-------- DATA PROVIDED --------
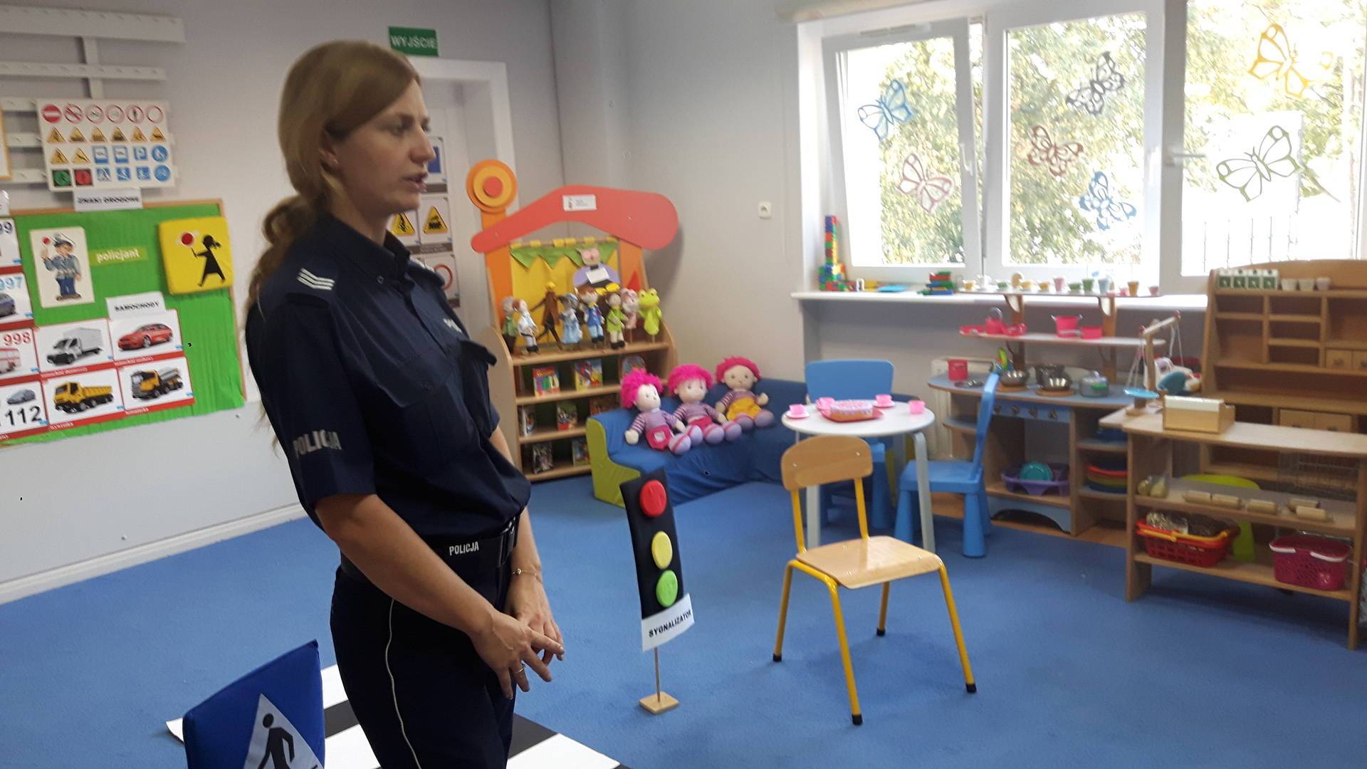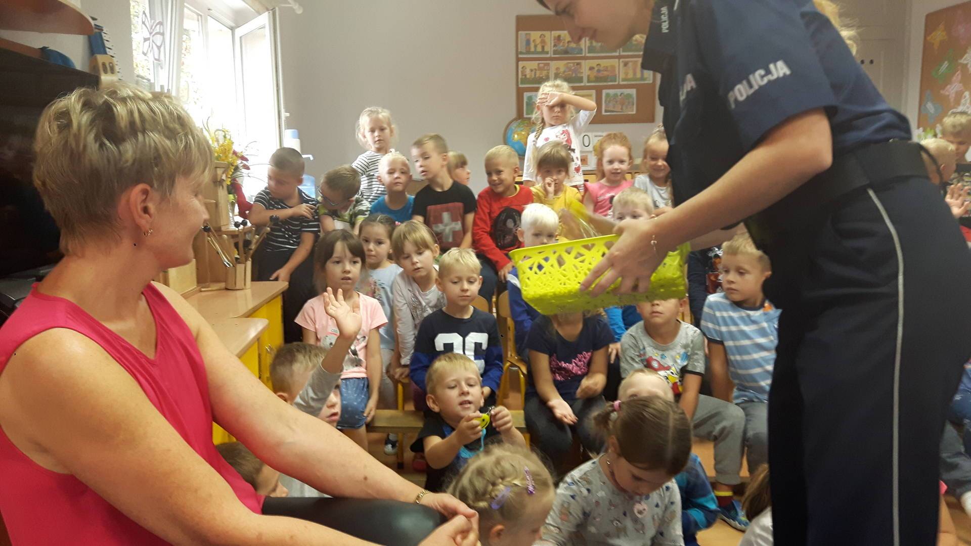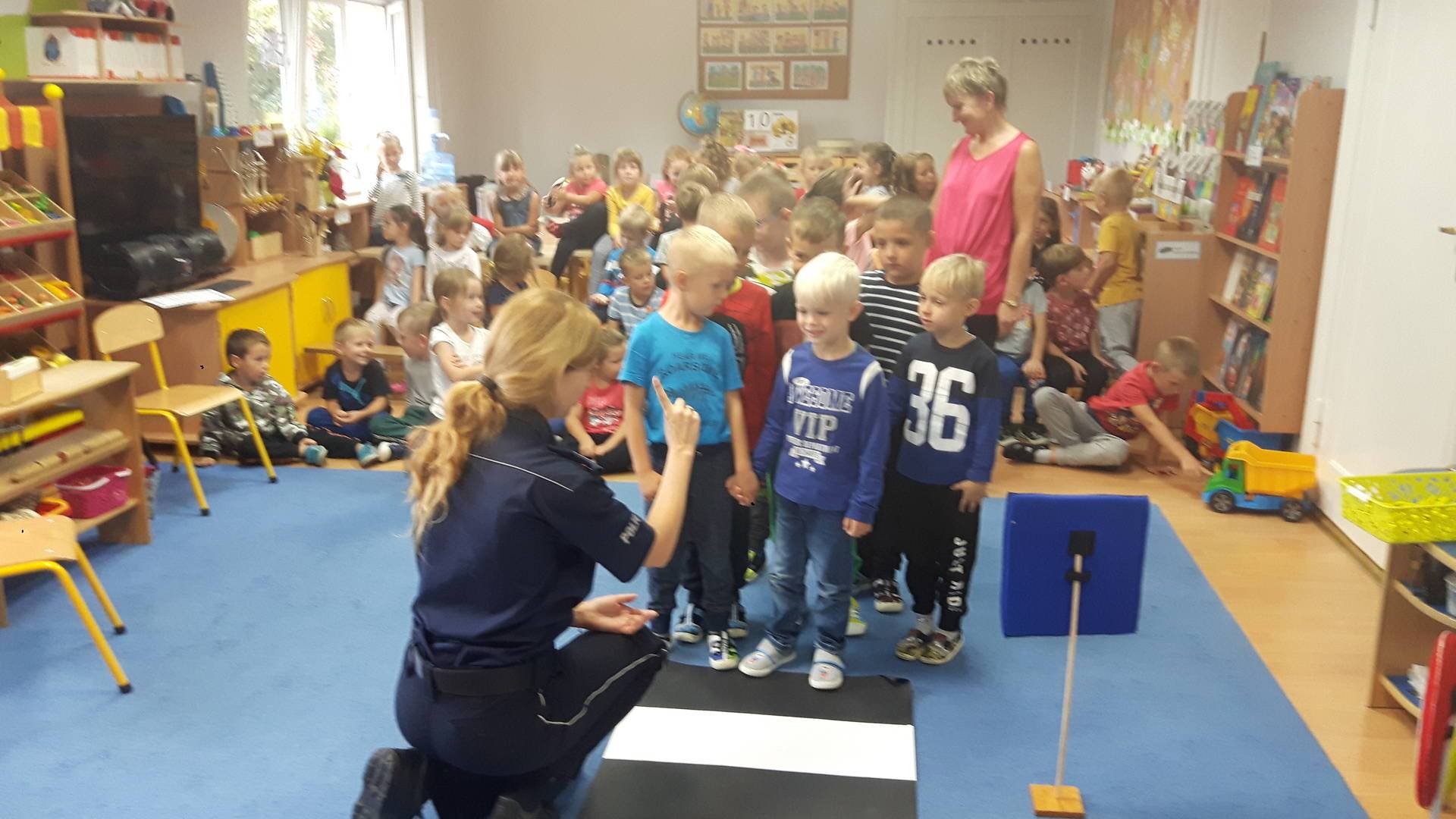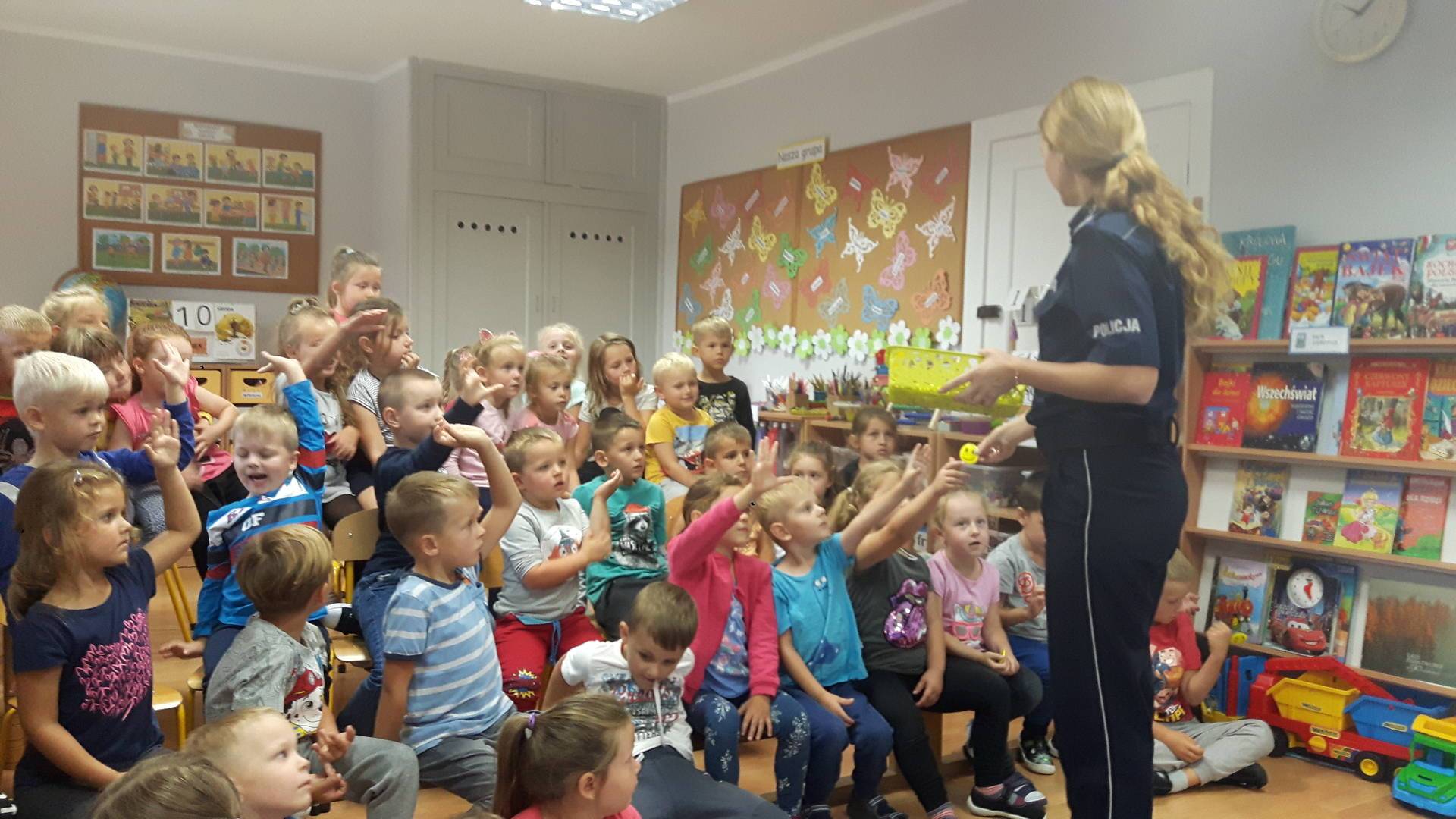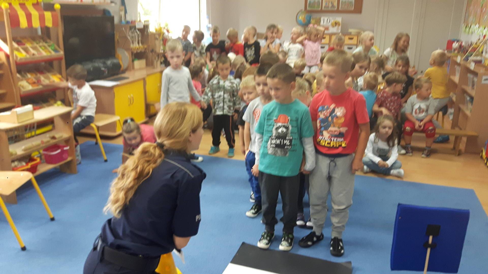 09września 2019r. w naszym przedszkolu odbyło się spotkanie z Panią policjantką z Komisariatu Policji w Lęborku. Tematem spotkania było utrwalenie z dziećmi zasad ruchu drogowego oraz przypomnienie zagadnień dotyczących bezpieczeństwa dzieci w przedszkolu i w domu. Pani policjantka, w formie praktycznej, przypomniała podstawowe zasady zachowania się podczas przechodzenia przez jezdnię. Następnie wytłumaczyła jak należy zachować się w kontaktach z obcymi ludźmi, jak dbać o bezpieczeństwo własne i innych oraz do kogo zwracać się o pomoc w sytuacji zagrożenia. Dzieci z dużym zainteresowaniem słuchały rad i wskazówek zaproszonego gościa. Na zakończenie wizyty przedszkolaki wręczyły Pani policjantce podziękowanie.
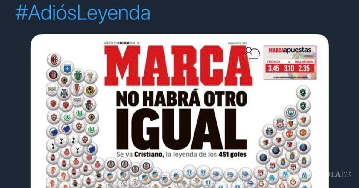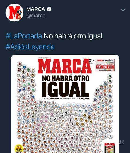 Luego de la salida de Cristiano, Marca decidió hacerle un homenaje colocando en la portada los 451 goles en el Madrid con los logotipos de los equipos a los que les había marcado junto a la cabeza: "No habrá otro igual".
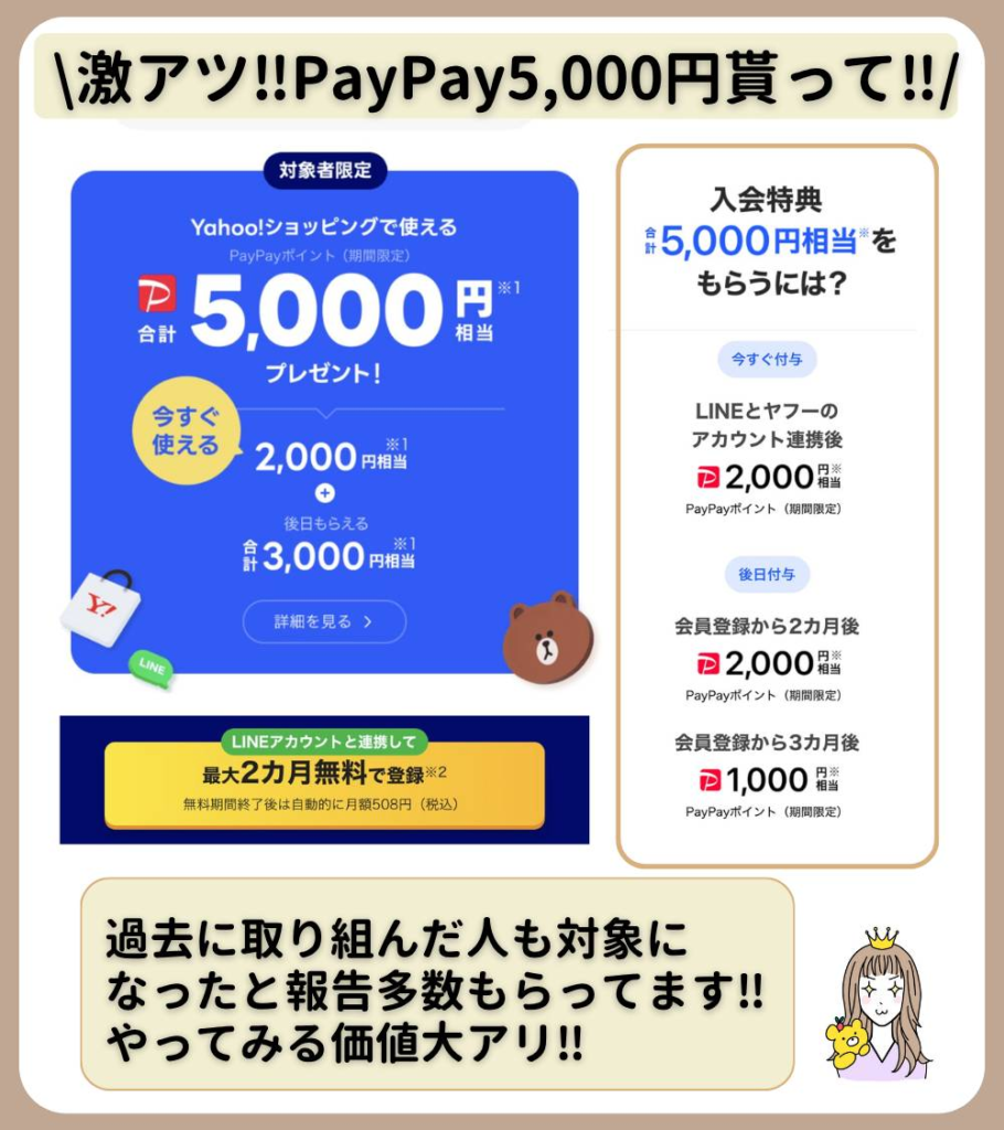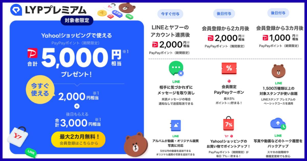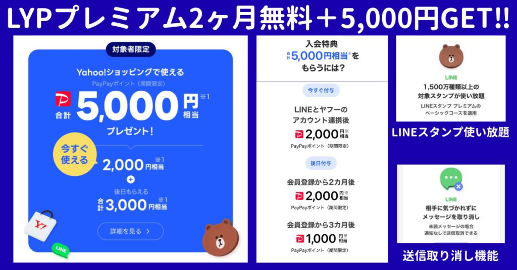 LYPプレミアム登録で最大5,000円相当もらえる✨
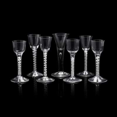 three with an ogee bowl, three with a round funnel bowl, 14.6cm high - 16cm high; together with a PLAIN STEM GLASS with a single tear and flared trumpet bowl, 15.8cm high
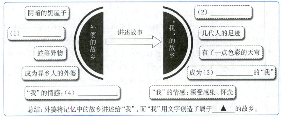 6. ①故乡在江南小镇的外婆有着“浓重的外乡口音”,对于“我”来说是一个异乡人。②外婆离开故乡多年,对故乡仅存回忆与想象,外婆对于她的故乡来说同样是一个异乡人。③外婆迷醉于叙述与想象的精神世界,对于注重现实生活的人来说,她是个异乡人。
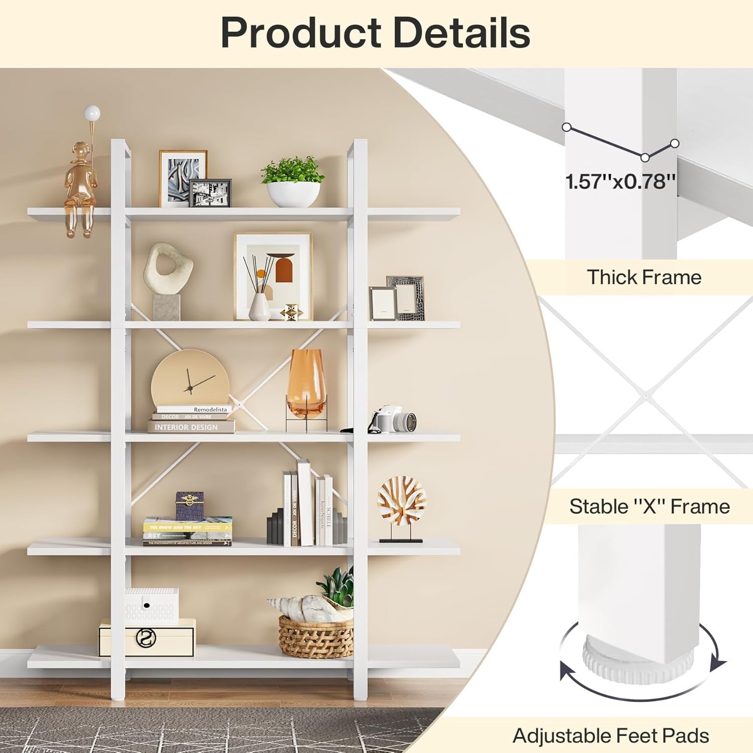 Organize your books and display your favorite decor with this 5-Tier Bookshelf in vintage industrial style. Standing at 72' high x 12' wide x 47' long, this bookcase provides extra large space to accommodate all your storage and display needs. The solid steel tube support metal and E1 class engineered wood make it reliable and durable for the long haul.
--------
■ WORK ITEM
A faithful copy of every record is needed here. Leave the images out of it.

■ RESPONSE TO THIS TASK
 09września 2019r. w naszym przedszkolu odbyło się spotkanie z Panią policjantką z Komisariatu Policji w Lęborku. Tematem spotkania było utrwalenie z dziećmi zasad ruchu drogowego oraz przypomnienie zagadnień dotyczących bezpieczeństwa dzieci w przedszkolu i w domu. Pani policjantka, w formie praktycznej, przypomniała podstawowe zasady zachowania się podczas przechodzenia przez jezdnię. Następnie wytłumaczyła jak należy zachować się w kontaktach z obcymi ludźmi, jak dbać o bezpieczeństwo własne i innych oraz do kogo zwracać się o pomoc w sytuacji zagrożenia. Dzieci z dużym zainteresowaniem słuchały rad i wskazówek zaproszonego gościa. Na zakończenie wizyty przedszkolaki wręczyły Pani policjantce podziękowanie.
 Luego de la salida de Cristiano, Marca decidió hacerle un homenaje colocando en la portada los 451 goles en el Madrid con los logotipos de los equipos a los que les había marcado junto a la cabeza: "No habrá otro igual".
 LYPプレミアム登録で最大5,000円相当もらえる✨
 three with an ogee bowl, three with a round funnel bowl, 14.6cm high - 16cm high; together with a PLAIN STEM GLASS with a single tear and flared trumpet bowl, 15.8cm high
 6. ①故乡在江南小镇的外婆有着“浓重的外乡口音”,对于“我”来说是一个异乡人。②外婆离开故乡多年,对故乡仅存回忆与想象,外婆对于她的故乡来说同样是一个异乡人。③外婆迷醉于叙述与想象的精神世界,对于注重现实生活的人来说,她是个异乡人。
 Organize your books and display your favorite decor with this 5-Tier Bookshelf in vintage industrial style. Standing at 72' high x 12' wide x 47' long, this bookcase provides extra large space to accommodate all your storage and display needs. The solid steel tube support metal and E1 class engineered wood make it reliable and durable for the long haul.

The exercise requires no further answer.